#### [What the task asks]
The line with "- Compatibility: Perfectly" and each line following it, up to the final line of the data, should be set down exactly; pictures stay out.

#### [Data for this exercise]
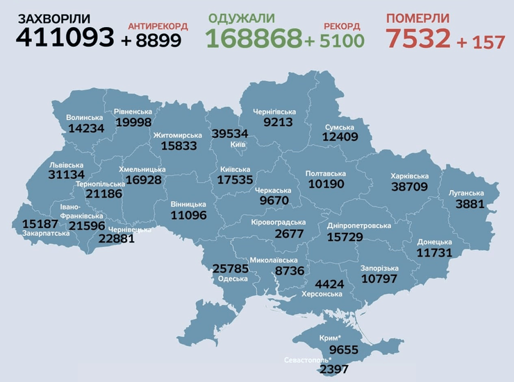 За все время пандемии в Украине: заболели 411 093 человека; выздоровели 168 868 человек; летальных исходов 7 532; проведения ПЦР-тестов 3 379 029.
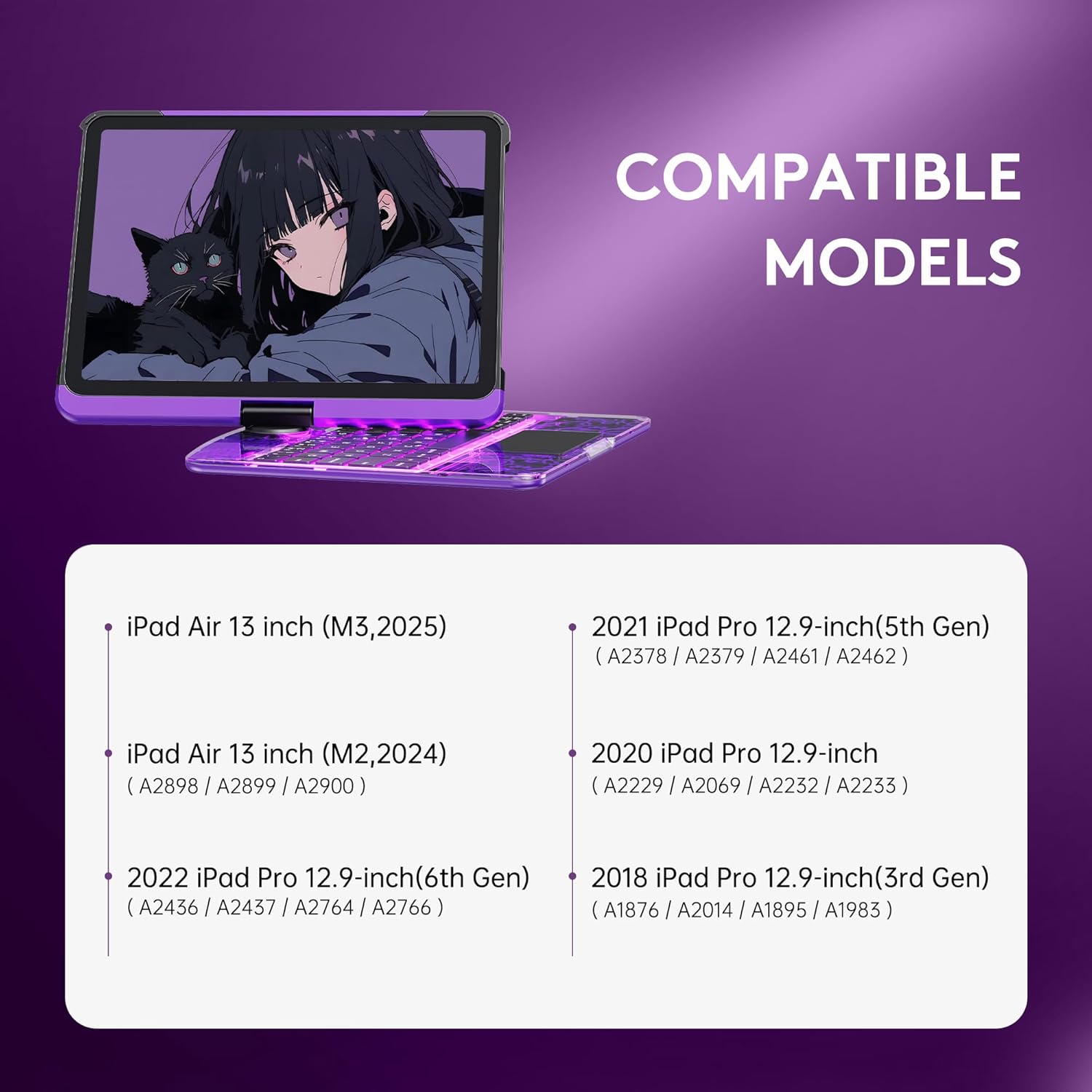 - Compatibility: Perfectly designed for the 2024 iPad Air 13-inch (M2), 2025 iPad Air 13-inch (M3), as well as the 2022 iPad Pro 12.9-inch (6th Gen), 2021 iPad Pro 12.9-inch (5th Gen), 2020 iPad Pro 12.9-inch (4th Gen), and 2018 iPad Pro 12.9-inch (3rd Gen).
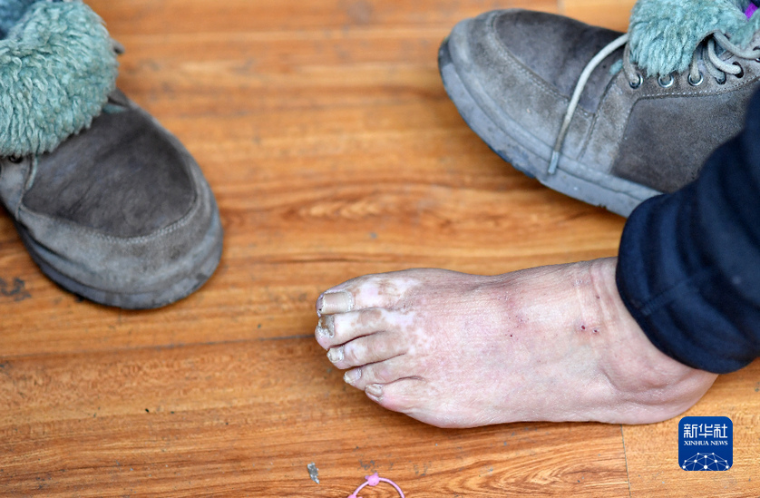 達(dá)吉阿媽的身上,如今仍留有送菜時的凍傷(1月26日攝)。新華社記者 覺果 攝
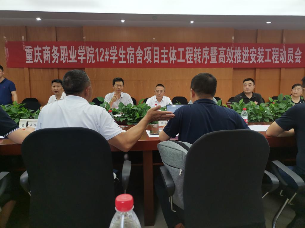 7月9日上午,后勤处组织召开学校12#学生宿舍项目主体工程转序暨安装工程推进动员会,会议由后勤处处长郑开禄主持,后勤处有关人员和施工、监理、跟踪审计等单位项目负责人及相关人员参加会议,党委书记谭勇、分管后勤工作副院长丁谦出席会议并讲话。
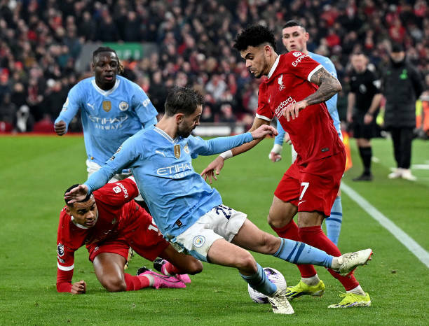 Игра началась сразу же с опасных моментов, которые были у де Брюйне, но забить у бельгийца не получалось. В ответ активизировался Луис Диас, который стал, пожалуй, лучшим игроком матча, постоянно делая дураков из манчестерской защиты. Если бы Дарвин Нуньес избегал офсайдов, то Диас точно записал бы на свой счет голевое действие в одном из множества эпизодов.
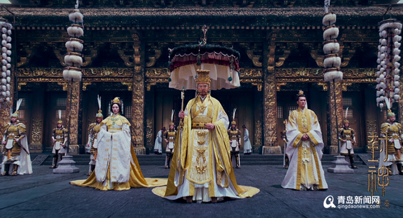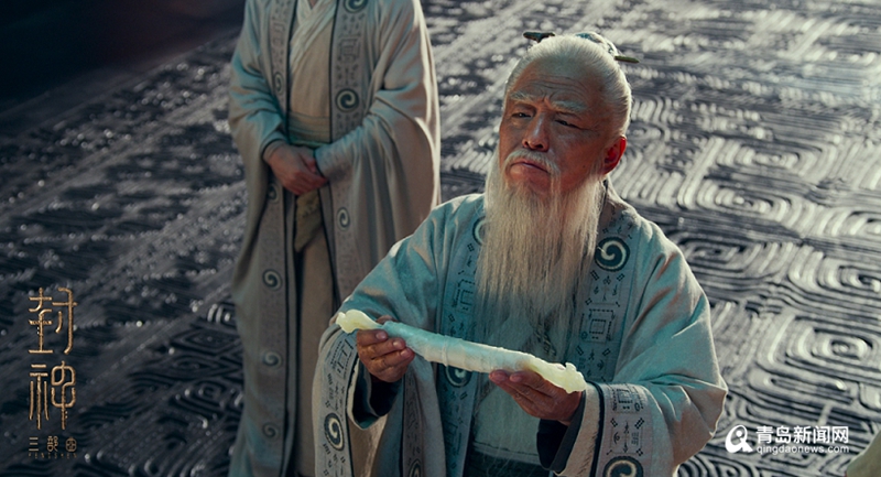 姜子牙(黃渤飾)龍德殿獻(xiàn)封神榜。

#### [Completed exercise]
 - Compatibility: Perfectly designed for the 2024 iPad Air 13-inch (M2), 2025 iPad Air 13-inch (M3), as well as the 2022 iPad Pro 12.9-inch (6th Gen), 2021 iPad Pro 12.9-inch (5th Gen), 2020 iPad Pro 12.9-inch (4th Gen), and 2018 iPad Pro 12.9-inch (3rd Gen).
 達(dá)吉阿媽的身上,如今仍留有送菜時的凍傷(1月26日攝)。新華社記者 覺果 攝
 7月9日上午,后勤处组织召开学校12#学生宿舍项目主体工程转序暨安装工程推进动员会,会议由后勤处处长郑开禄主持,后勤处有关人员和施工、监理、跟踪审计等单位项目负责人及相关人员参加会议,党委书记谭勇、分管后勤工作副院长丁谦出席会议并讲话。
 Игра началась сразу же с опасных моментов, которые были у де Брюйне, но забить у бельгийца не получалось. В ответ активизировался Луис Диас, который стал, пожалуй, лучшим игроком матча, постоянно делая дураков из манчестерской защиты. Если бы Дарвин Нуньес избегал офсайдов, то Диас точно записал бы на свой счет голевое действие в одном из множества эпизодов.
 姜子牙(黃渤飾)龍德殿獻(xiàn)封神榜。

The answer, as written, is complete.